■ INSTRUCTIONS TO FOLLOW ■
Pictures do not belong in your copy. Repeat all the other data exactly.

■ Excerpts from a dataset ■
================

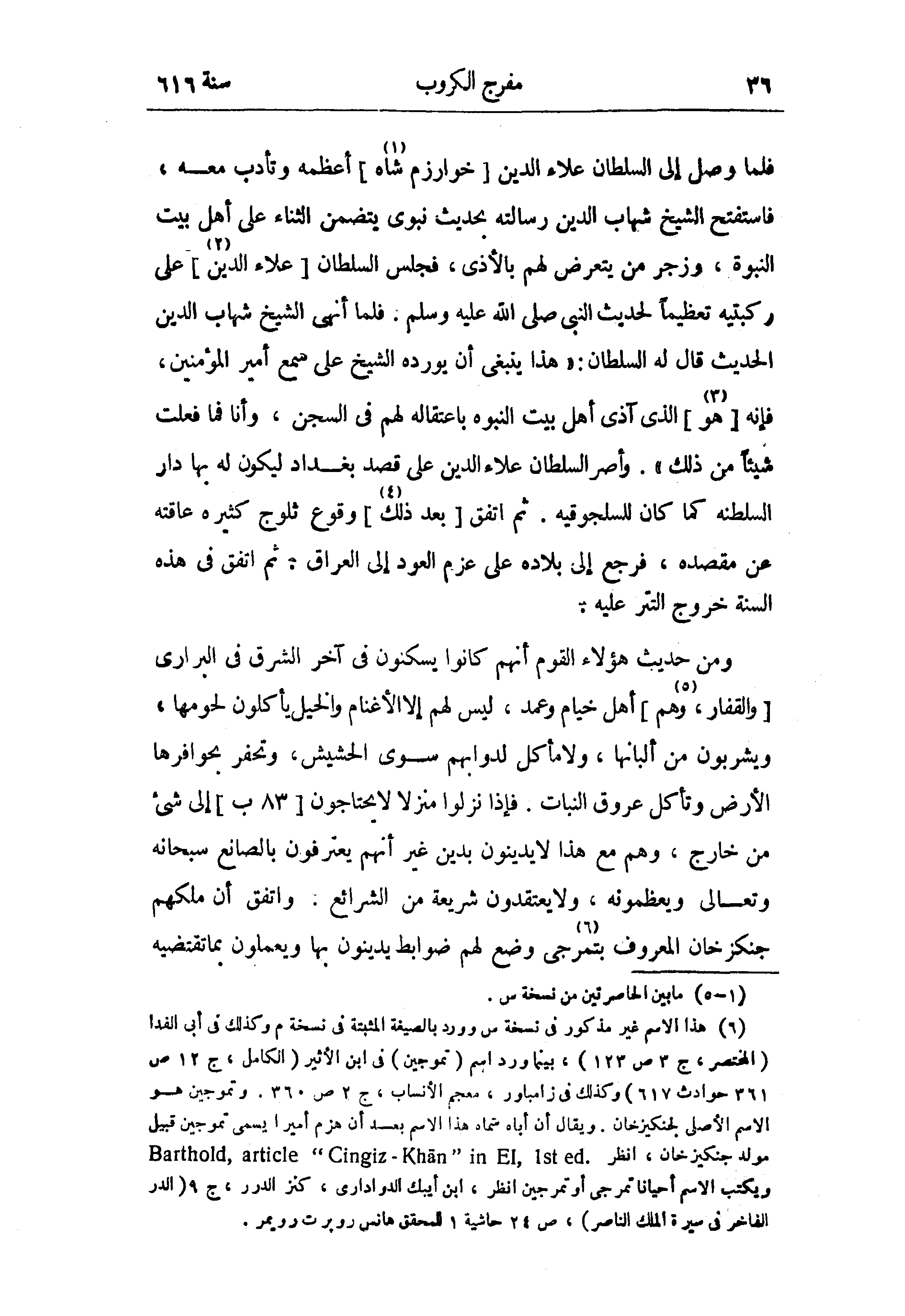 (¬6) هذا الاسم غير مذكور في نسخة س وورد بالصيغة المثبتة في نسخة م وكذلك في أبى الفدأ (المختصر، ج 3 ص 123)، بينما ورد اسم (تموجين) في ابن الأثير (الكامل، ج 12 ص 361 حوادث 617) وكذلك في زامباور، معجم الأنساب، ج 2 ص 360. وتموجين هو الاسم الأصلى لجنكيزخان. ويقال أن أباه شماه هذا الاسم بعد أن هزم أميرا يسمى تموجين قبيل مولد جنكيزخان، انظر Barthold, article «Cingiz - Khan» in EI,1 st ed
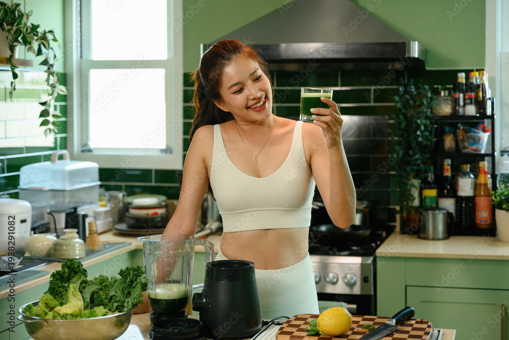 Healthy lifestyle scene with an Asian woman enjoying a nutritious green smoothie after blending fresh ingredients
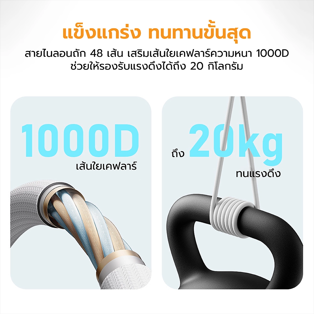 * สามารถทนต่อแรงดึงได้สูงสุดถึง 20 กิโลกรัม
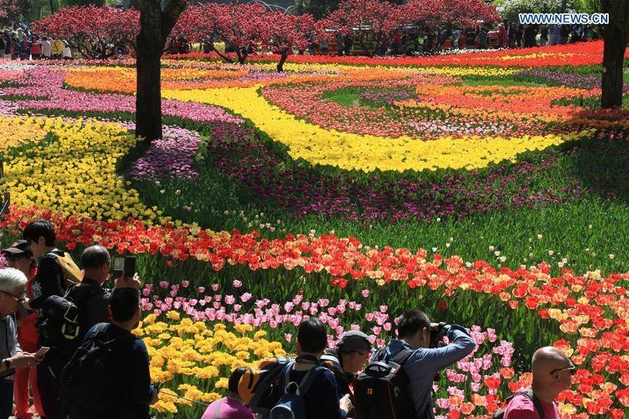 توافد عدد من المواطنين الصينيين والسياح الأجانب إلى حديقة النباتات في العاصمة الصينية بكين للاستمتاع بمشهد فريد يبعث البهجة في النفوس، ويخفف كثيرا من الضغوط.في مثل هذا الوقت من كل عام، تتفتح زهور التوليب في الحديقة، معلنة عن بدء فصل الربيع، وتشكل تلك الزهور، بالإضافة إلى زهور أخرى، بألوانها المختلفة، لوحة فنية رائعة تسر الناظرين.
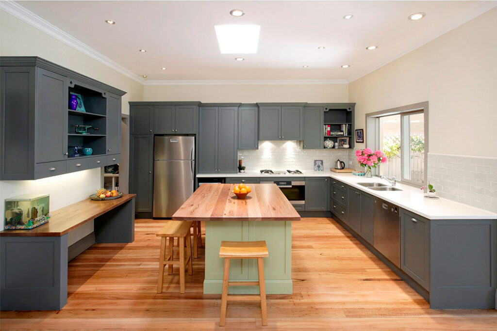 Приветствуется встроенная техника, закрытая глухими фасадами кухонного гарнитура;
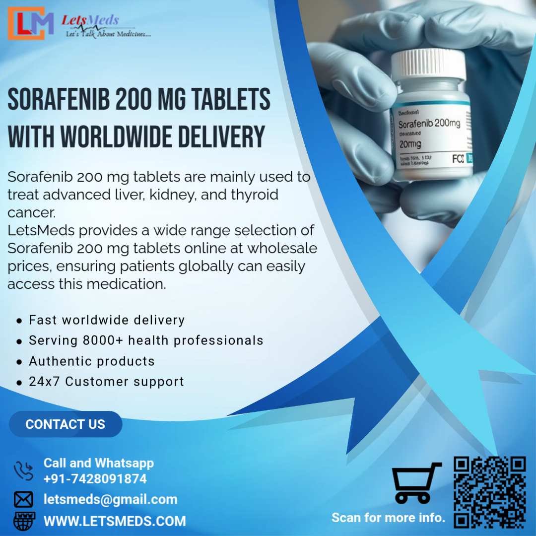 They provide both branded Sorafenib 200 mg and generic alternatives, ensuring patients receive treatment at the best Sorafenib 200 mg price available. If you are searching for buy Sorafenib 200 mg, contact LetsMeds at +91-7428091874 or visit their website http://www.letsmeds.com to place your order and more information.
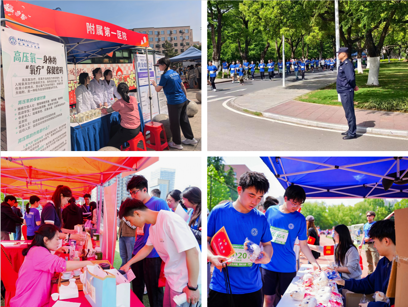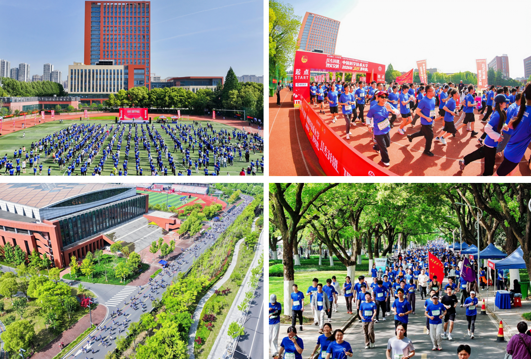 春和景明,万物竞发。9时许,随着主裁判的发令汽笛鸣响,两校区师生冲出起跑线,在春日校园中汇成一道跃动的青春风景线。赛道沿途精彩不断:各院系与机关设置的主题宣传补给点、“科学薪火·接力站”依次排开,为跑者们补充能量的同时带来知识与趣味互动;西区国家同步辐射实验室门口与高新校区北段的“律动心声·加油站”乐声激昂,由校学生山南说唱社、炫音社的现场驻唱让奔跑的脚步与节拍同频共振;校医院与附属第一医院的医疗跑团全程随行,为每一位跑者保驾护航。
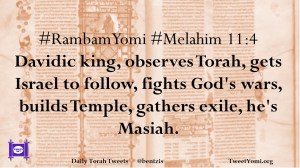 #RambamYomi #Melahim 11:4 Davidic king, observes Torah, gets Israel to follow, fights God’s wars, builds Temple, gathers exile, he’s Masiah.
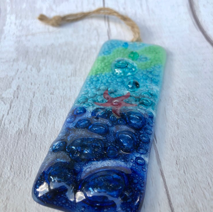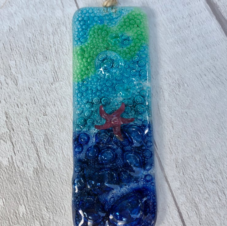 Lovely fused glass sun catcher made with glass enamels that bubble in the kiln that creates the effect of the sea. 12x5cm
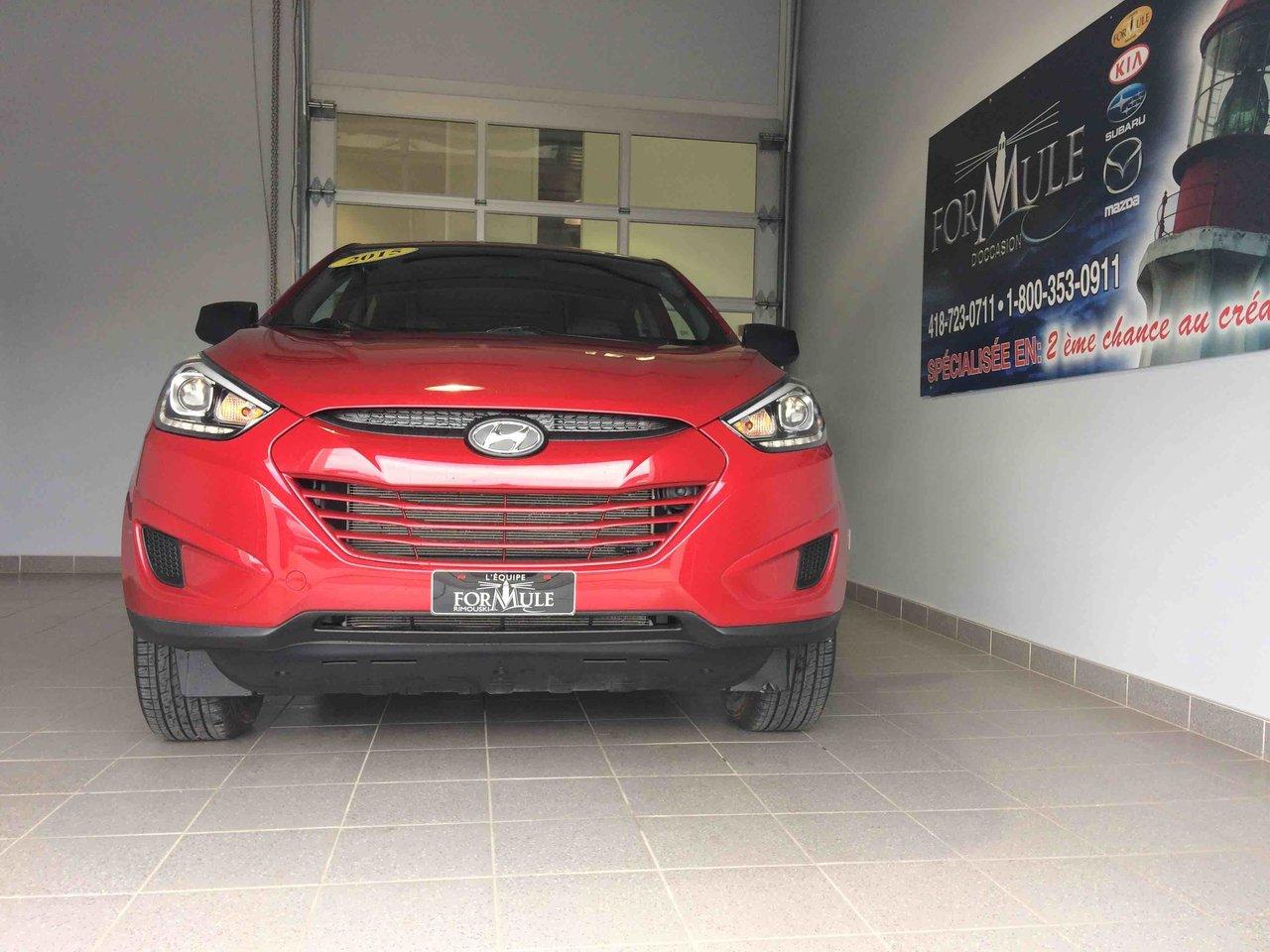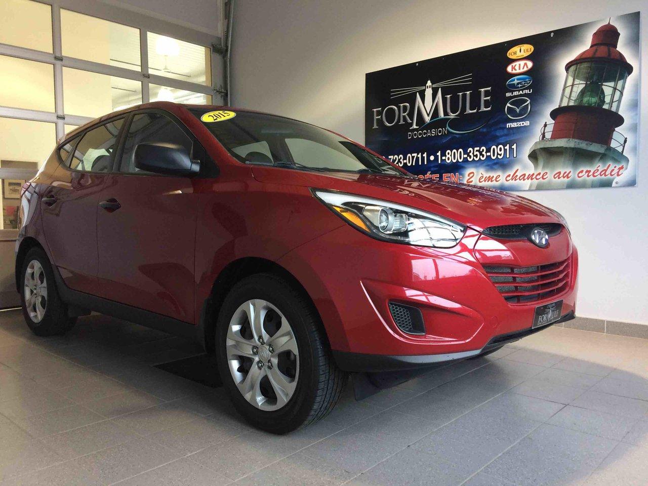 Hyundai Tucson GL 2015\n\nRégulateur de vitesse, Essuie-glaces intermittents, Anti-démarreur, Freins ABS, Contrôle de stabilité, Coussin gonflable conducteur, Coussins gonflables latéraux, Lecteur CD, Lecteur MP3, Portes électriques, Vitres électriques, Air climatisé, Sièges chauffants, Volant ajustable, Enjoliveurs, Tapis protecteurs, Attelage remorque, Phares automatiques, Rétroviseur électrique, Direction assistée, Rétroviseurs chauffants, Coussins gonflables arrière pour la tête, Sièges tissu, Freins à disque, Sièges chauffants - Avant, Antipatinage, Phares antibrouillards, Verrous de sécurité pour enfants, Sièges baquets, Technologie Bluetooth intégrée, Climatisation\n\nPOUR LE PLUS GRAND CHOIX À UN SEUL ENDROIT, LE MEGA CENTRE DE L'USAGÉ DANS L'EST DU QUÉBEC. COUVRANT LA GRANDE RÉGION DE RIMOUSKI, MATANE, MONT-JOLI, RIVIÈRE-DU-LOUP, STE-ANNE DES MONTS, MATAPÉDIA,GASPÉSIE... CONTACTEZ-NOUS SANS FRAIS AU 1-877-864-3666 LIVRAISON PARTOUT AU QUÉBEC.

================

■ ANSWER SECTION ■
 (¬6) هذا الاسم غير مذكور في نسخة س وورد بالصيغة المثبتة في نسخة م وكذلك في أبى الفدأ (المختصر، ج 3 ص 123)، بينما ورد اسم (تموجين) في ابن الأثير (الكامل، ج 12 ص 361 حوادث 617) وكذلك في زامباور، معجم الأنساب، ج 2 ص 360. وتموجين هو الاسم الأصلى لجنكيزخان. ويقال أن أباه شماه هذا الاسم بعد أن هزم أميرا يسمى تموجين قبيل مولد جنكيزخان، انظر Barthold, article «Cingiz - Khan» in EI,1 st ed
 Healthy lifestyle scene with an Asian woman enjoying a nutritious green smoothie after blending fresh ingredients
 * สามารถทนต่อแรงดึงได้สูงสุดถึง 20 กิโลกรัม
 توافد عدد من المواطنين الصينيين والسياح الأجانب إلى حديقة النباتات في العاصمة الصينية بكين للاستمتاع بمشهد فريد يبعث البهجة في النفوس، ويخفف كثيرا من الضغوط.في مثل هذا الوقت من كل عام، تتفتح زهور التوليب في الحديقة، معلنة عن بدء فصل الربيع، وتشكل تلك الزهور، بالإضافة إلى زهور أخرى، بألوانها المختلفة، لوحة فنية رائعة تسر الناظرين.
 Приветствуется встроенная техника, закрытая глухими фасадами кухонного гарнитура;
 They provide both branded Sorafenib 200 mg and generic alternatives, ensuring patients receive treatment at the best Sorafenib 200 mg price available. If you are searching for buy Sorafenib 200 mg, contact LetsMeds at +91-7428091874 or visit their website http://www.letsmeds.com to place your order and more information.
 春和景明,万物竞发。9时许,随着主裁判的发令汽笛鸣响,两校区师生冲出起跑线,在春日校园中汇成一道跃动的青春风景线。赛道沿途精彩不断:各院系与机关设置的主题宣传补给点、“科学薪火·接力站”依次排开,为跑者们补充能量的同时带来知识与趣味互动;西区国家同步辐射实验室门口与高新校区北段的“律动心声·加油站”乐声激昂,由校学生山南说唱社、炫音社的现场驻唱让奔跑的脚步与节拍同频共振;校医院与附属第一医院的医疗跑团全程随行,为每一位跑者保驾护航。
 #RambamYomi #Melahim 11:4 Davidic king, observes Torah, gets Israel to follow, fights God’s wars, builds Temple, gathers exile, he’s Masiah.
 Lovely fused glass sun catcher made with glass enamels that bubble in the kiln that creates the effect of the sea. 12x5cm
 Hyundai Tucson GL 2015\n\nRégulateur de vitesse, Essuie-glaces intermittents, Anti-démarreur, Freins ABS, Contrôle de stabilité, Coussin gonflable conducteur, Coussins gonflables latéraux, Lecteur CD, Lecteur MP3, Portes électriques, Vitres électriques, Air climatisé, Sièges chauffants, Volant ajustable, Enjoliveurs, Tapis protecteurs, Attelage remorque, Phares automatiques, Rétroviseur électrique, Direction assistée, Rétroviseurs chauffants, Coussins gonflables arrière pour la tête, Sièges tissu, Freins à disque, Sièges chauffants - Avant, Antipatinage, Phares antibrouillards, Verrous de sécurité pour enfants, Sièges baquets, Technologie Bluetooth intégrée, Climatisation\n\nPOUR LE PLUS GRAND CHOIX À UN SEUL ENDROIT, LE MEGA CENTRE DE L'USAGÉ DANS L'EST DU QUÉBEC. COUVRANT LA GRANDE RÉGION DE RIMOUSKI, MATANE, MONT-JOLI, RIVIÈRE-DU-LOUP, STE-ANNE DES MONTS, MATAPÉDIA,GASPÉSIE... CONTACTEZ-NOUS SANS FRAIS AU 1-877-864-3666 LIVRAISON PARTOUT AU QUÉBEC.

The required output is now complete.